VARIANCES=VARMA is a particular model for calculating the variances (only) as part of a CC, DCC or similar model. It includes not just own lagged squared residuals and own variances, but all the "other" lagged squared residuals and variances in each variance equation:


\({{\bf{H}}_{ii,t}} = {c_{ii}} + \sum\limits_j {{a_{ij}}u_{j,t - 1}^2 + } \sum\limits_j {{b_{ij}}{{\bf{H}}_{jj,t - 1}}} \)


In the output, C(i) is the constant in the variance equation for variable i, A(i,j) is the coefficient for the "ARCH" term in the variance for i using the lagged squared residuals for variable j and B(i,j) is the coefficient in the "GARCH" term for computing the variance of i using the lagged variance of variable j.

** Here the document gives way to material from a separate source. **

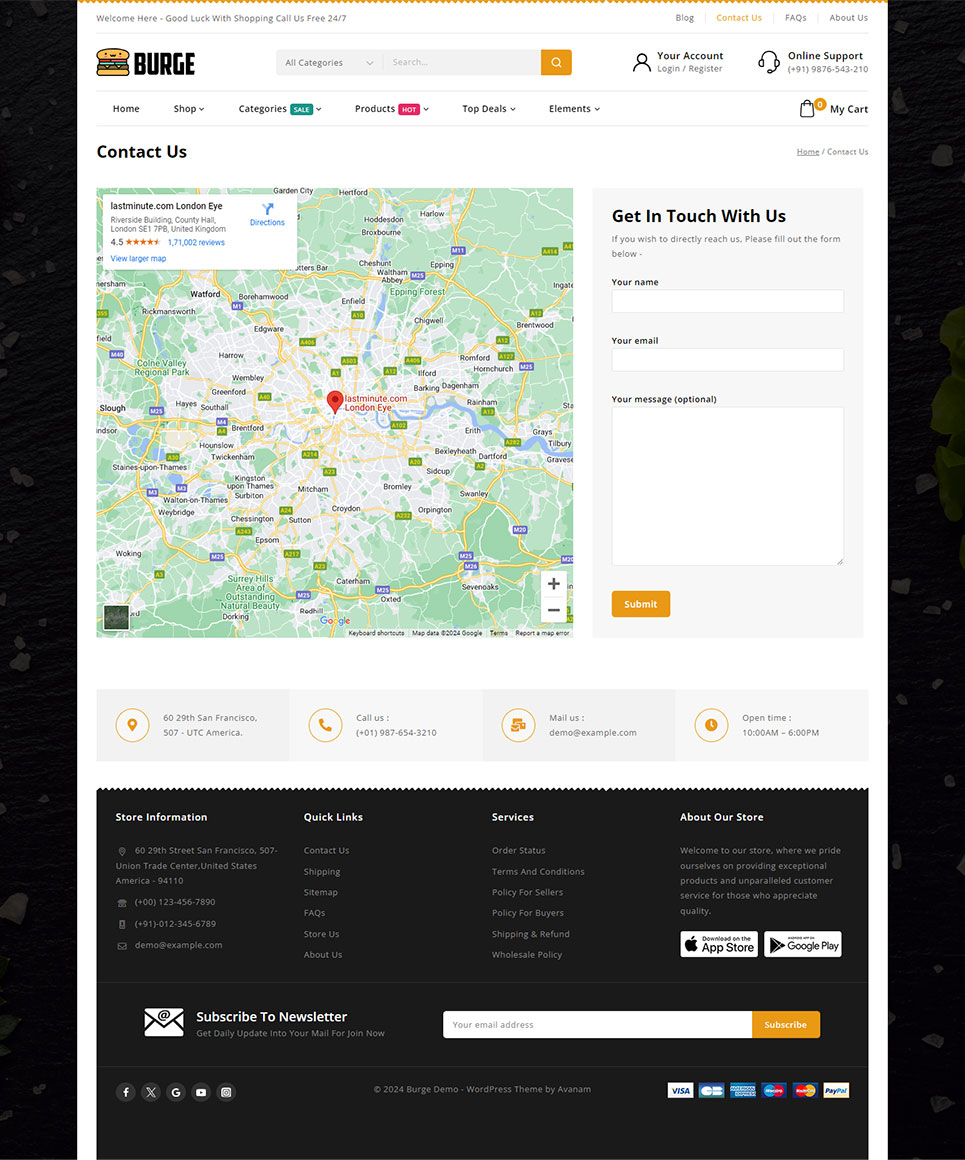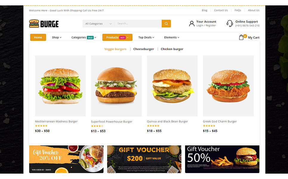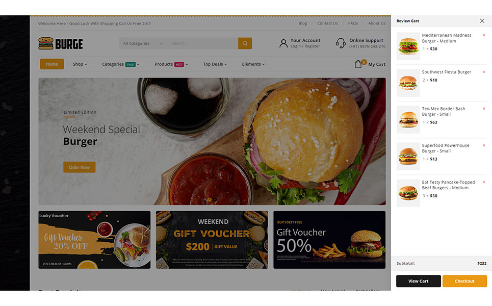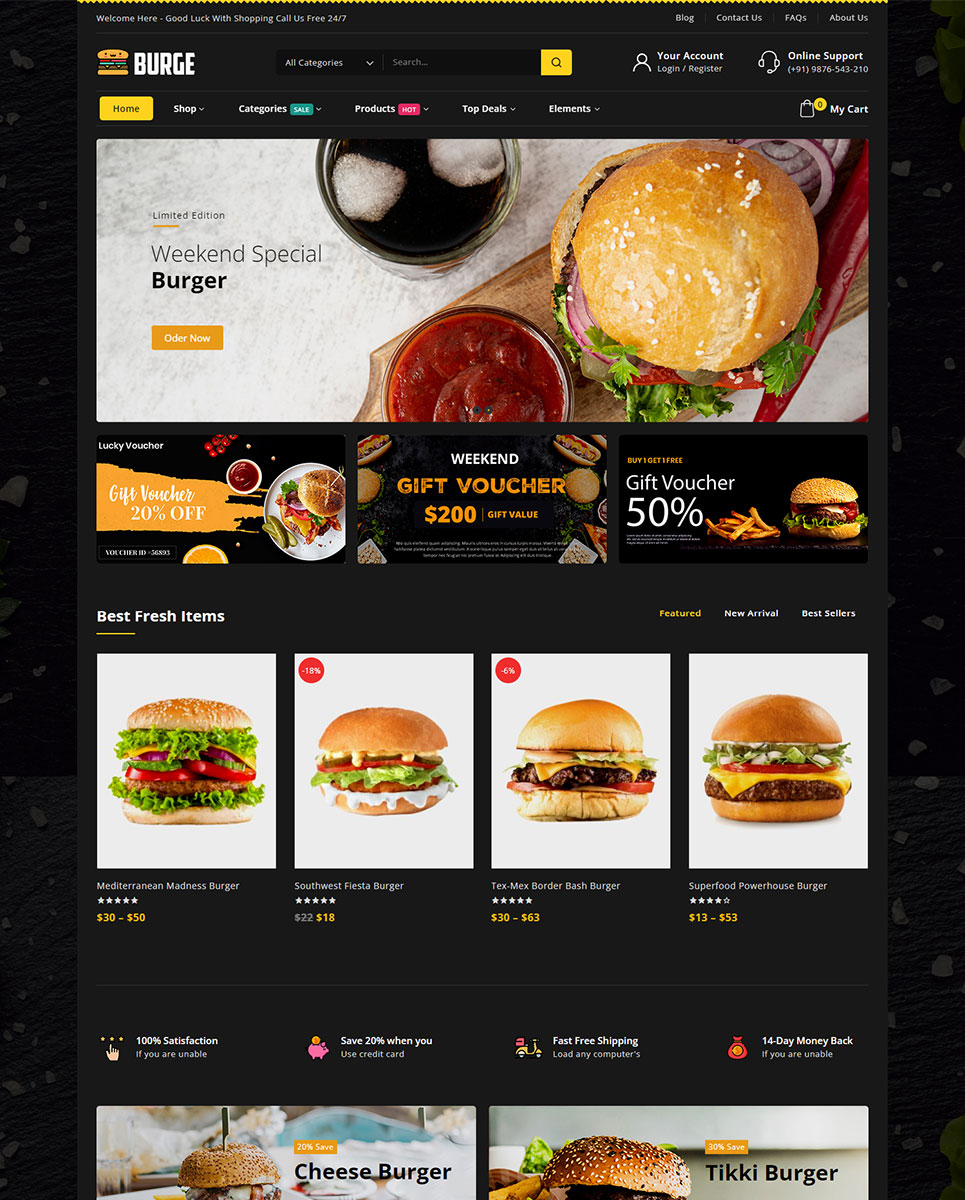Burge is a carefully crafted WordPress theme designed specifically for fast food stores, burger, pizza, spice, sweet, snacks, coffee, cafe and restaurant shop with seamlessly integrating Elementor and WooCommerce. With a focus on delicious design and seamless functionality, Burge provides a comprehensive platform to showcase and sell mouthwatering fast food items. Burge offers a box layout option, adding a modern and visually appealing touch to your fast food store. This layout option provides a clean and organized display of your menu items, ensuring that visitors can easily browse and select their favorite treats.

Note that VARIANCES=VARMA is rather difficult model to fit which is why we use some rather high-end adjustments to the non-linear estimation process using NLPAR. It has numerical problems because the coefficients can be either positive or negative as you can see below. (If you try to impose non-negativity, the model fits only barely better than the model without the cross variable terms). If high residual or high volatility entries don't align very well among variables, a variance for some variable can approach zero at some observation. For instance, here A(2,3) is fairly large negative, so a very big residual in the Swiss data (variable 3) might push the variance of France (variable 2) negative in the next entry. Any zero (or negative) value for H at any data point results in an uncomputable likelihood resulting in quite a few "dead-end" parameter paths, where you approach a local maximum near a computability boundary. The more dissimilar the data series are, the harder it will be to get estimates with VARMA variances.    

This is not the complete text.